La sélection publiée dans Dessins en 2010 avait révélé l'immense talent du satiriste Mrozek derrière le dramaturge reconnu dont Noir sur blanc a entrepris depuis plusieurs années la publication des oeuvres complètes. Voici, avec cet imagier, ce petit dico illustré des mots français, le cahier d'apprentissage dans lequel il a acéré sa plume : 1 500 dessins laissés dans un carton pendant cinquante ans.
On est en 1955 à Cracovie. Staline est mort deux ans plus tôt. Mrozek a 25 ans et commence à apprendre le français avec une vieille aristocrate polonaise. Il fixe, en quelques traits stylisés et mini rébus, le vocabulaire de ces cours qui ressemblent à des conversations informelles. Tout est en vrac. Sans ordre alphabétique ni logique. Mrozek mélange les mots les plus concrets aux concepts les plus abstraits ("rechigner", "recueillement", "insipide" ou "contingent"). Des mots rares ("fouir"), démodés ("lavallière"), des mots à plusieurs sens ("chassis", "pignon"), voire inconnus au dictionnaire ou écrits avec une orthographe incertaine... Rien ne lui fait peur. Même si, parfois, impuissant à figurer le sens, Mrozek se résout à écrire la traduction en polonais.

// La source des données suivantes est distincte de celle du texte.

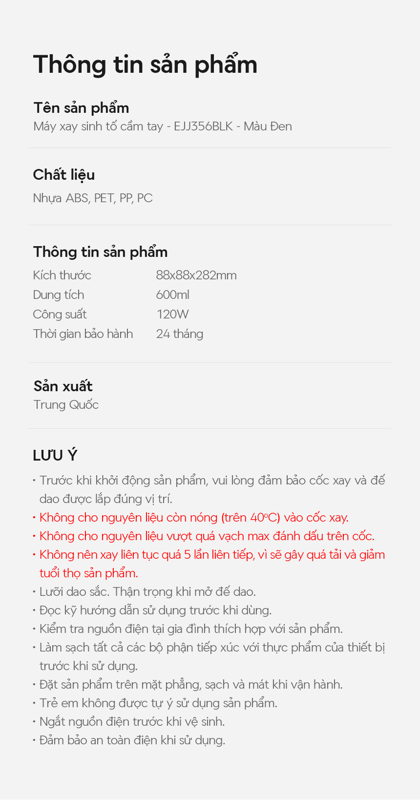 | Xuất xứ (Made in) | Trung Quốc |
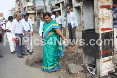 Photo Caption : BBMP Mayor Padmavathi seen inspecting the Okalipuram during the inspection drive, in Bengaluru on Wednesday 15th March 2017
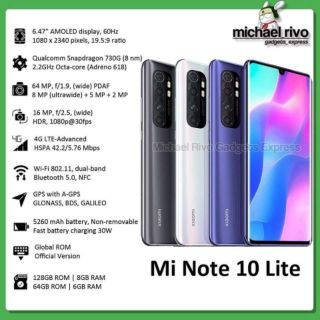Amazon Com Xiaomi Mi Note 10 Lite 128gb 8gb Ram 6 47 64mp Dualsim International Global Version Midnight Black Electronics
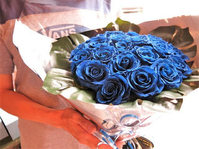 青 花束 プリザーブドフラワー 20本使用 枯れずにいつまでもキレイな青 ギフト

Le dessin peut aussi rester très énigmatique : pour "broncher", un bonhomme-trait qui trébuche sur un caillou... Mais, la plupart du temps, le mot s'anime avec une saisissante évidence : "abordable/pas abordable" se lit en trois lignes et une silhouette. "La mort fortuite" s'incarne en un squelette équipé d'une faux et... d'un parachute.
Mrozek ne deviendra jamais un dessinateur - ces croquis ressemblent le plus souvent à des dessins d'enfants un peu maladroits - mais, sous l'humilité du trait, tout son sens du raccourci signifiant, sa réjouissante et tragique dérision sont déjà là.